7. Service downgrade
Service downgrade is when the server pressure increases sharply, some services and pages are strategically downgraded based on the current business conditions and traffic, so as to release server resources and Ensure the normal operation of core tasks. Degradation often specifies different levels, and performs different processing when facing different exception levels. In addition, search the public account Java Architect Technical Backend and reply "Spring" to get a surprise gift package.
Depending on the service method: you can refuse service, you can delay service, and sometimes you can provide random service.
Depending on the service scope: a certain function can be cut off, or certain modules can be cut off.
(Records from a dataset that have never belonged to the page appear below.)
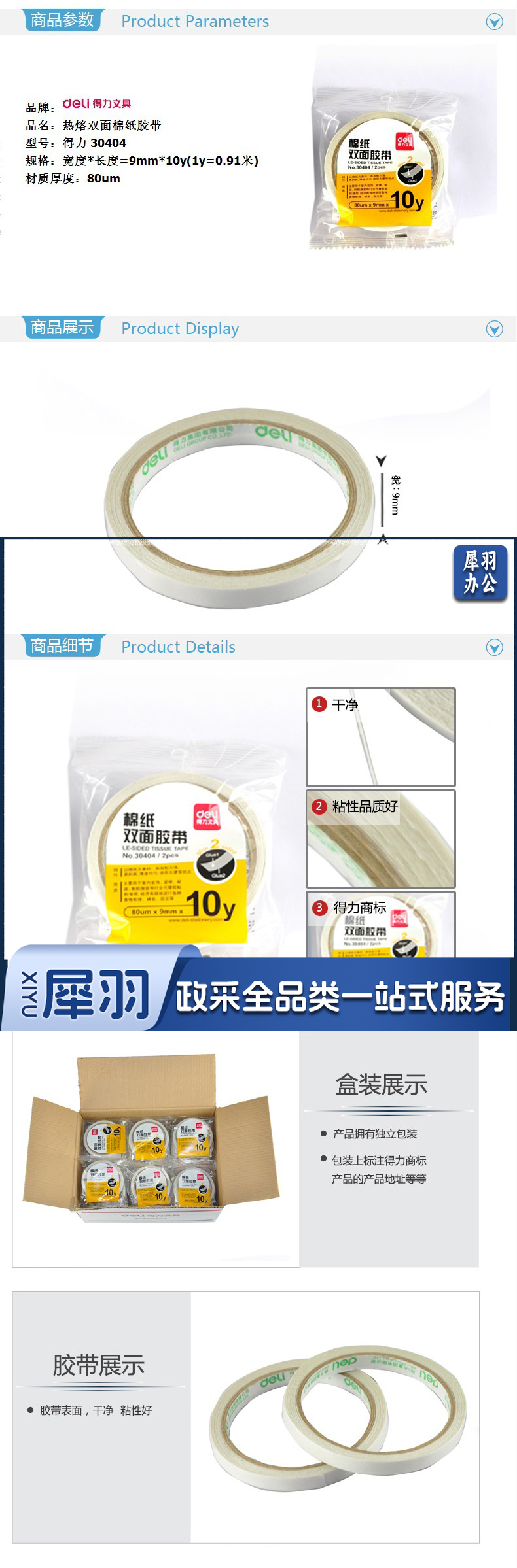 得力/deli 30404 棉纸双面胶带(单位:卷)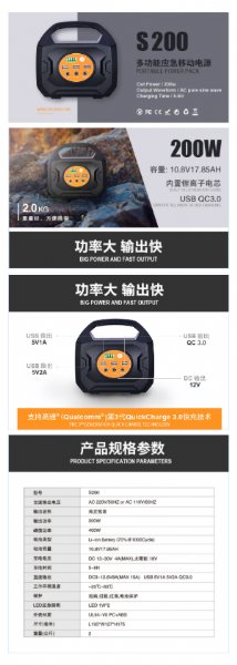 PECRON-S200 电源可应用于一系列的智能产品,如手机,卫星电话,数码相机,移 动硬盘,数码相机,平板电脑,LED 灯,笔记本电脑,汽车启动,户外照明,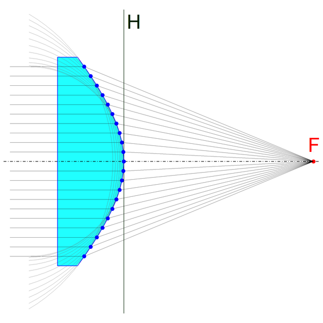 - A Fresnel lens is a thin, ring-shaped lens that focuses like a thick one. Because of its lighter weight, it’s used in lighthouses.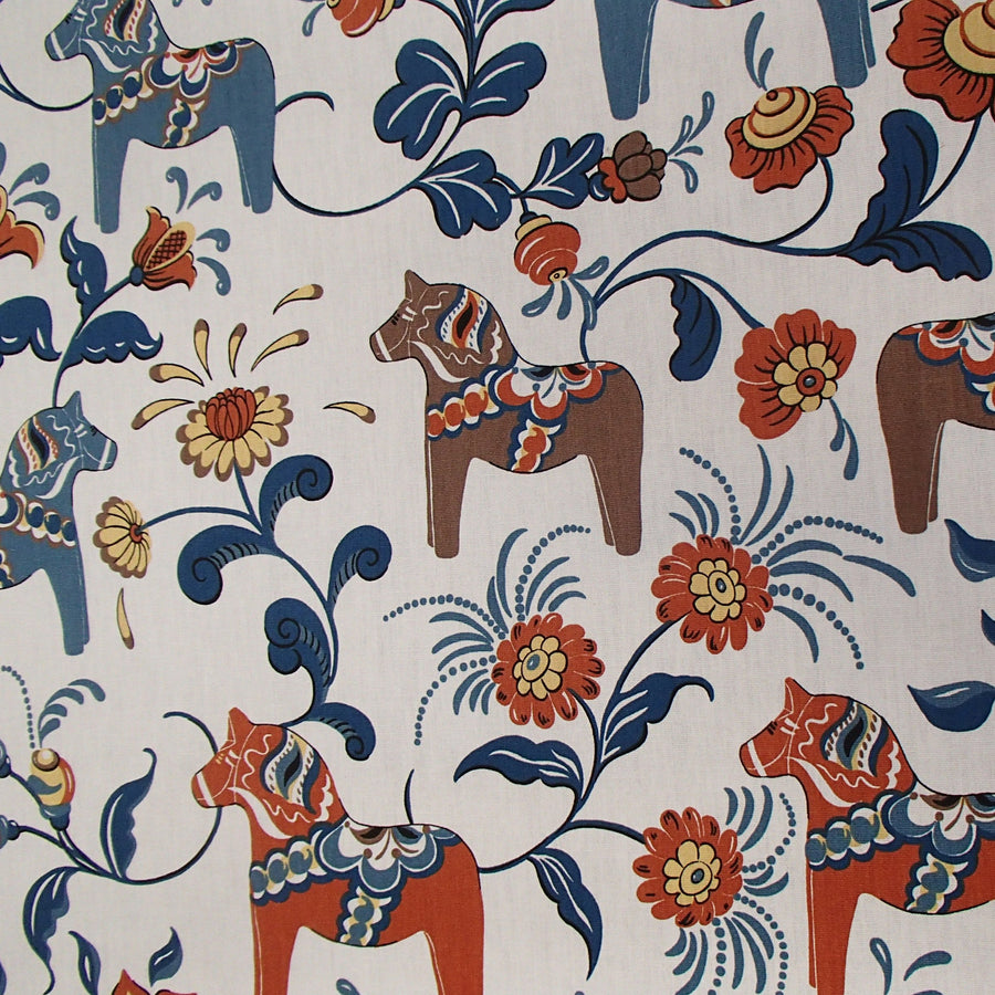 Swedish fabric - White w/ Blue, Red & Tan Dala horses & kurbits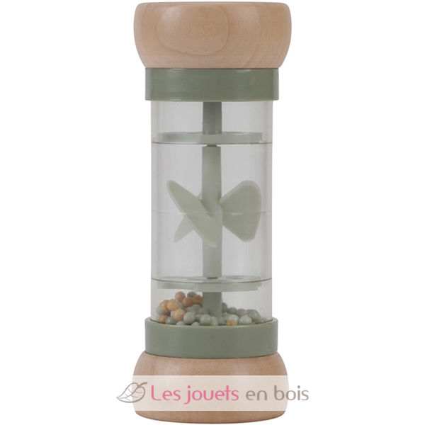 Ce bâton de pluie stimule le développement sensoriel et l'éveil musical de bébé. Les billes de 3 couleurs différentes tombent dans de petites ouvertures à l'intérieur du tube et font tourner l'hélice, en émettant un son agréable. La taille de ce hochet bâton de pluie est conçue pour les petites mains et tient bien dans la main. Matières : bois et plastique.

In short, service downgrade requires different downgrade strategies according to different business needs. The main purpose is that although the service is damaged, it is better than nothing.
8. Meltdown VS Downgrade
Same points: the goals are the same, starting from availability and reliability, in order to prevent the system from crashing; the user experience is similar, and in the end, users experience that certain functions are temporary Unavailable;
Differences: The triggering reasons are different. Service interruption is generally caused by the failure of a certain service (downstream service), while service degradation is generally considered from the overall load;
9. Service limit Flow
Current limiting can be considered a type of service degradation. Current limiting is to limit the input and output traffic of the system to achieve the purpose of protecting the system. Generally speaking, the throughput of the system can be measured. In order to ensure the stable operation of the system, once the threshold that needs to be restricted is reached, the traffic needs to be restricted and some measures must be taken to achieve the purpose of limiting the traffic. For example: delayed processing, rejection of processing, or partial rejection of processing, etc.
10. Fault masking
Remove the faulty machine from the cluster to ensure that new requests are not distributed to the faulty machine.
Testing method
1. Black box/white box testing
Black box testing does not consider the internal structure and logical structure of the program. It is mainly used to test whether the function of the system meets the requirement specifications. . Generally there will be an input value, an input value, and an expected value for comparison.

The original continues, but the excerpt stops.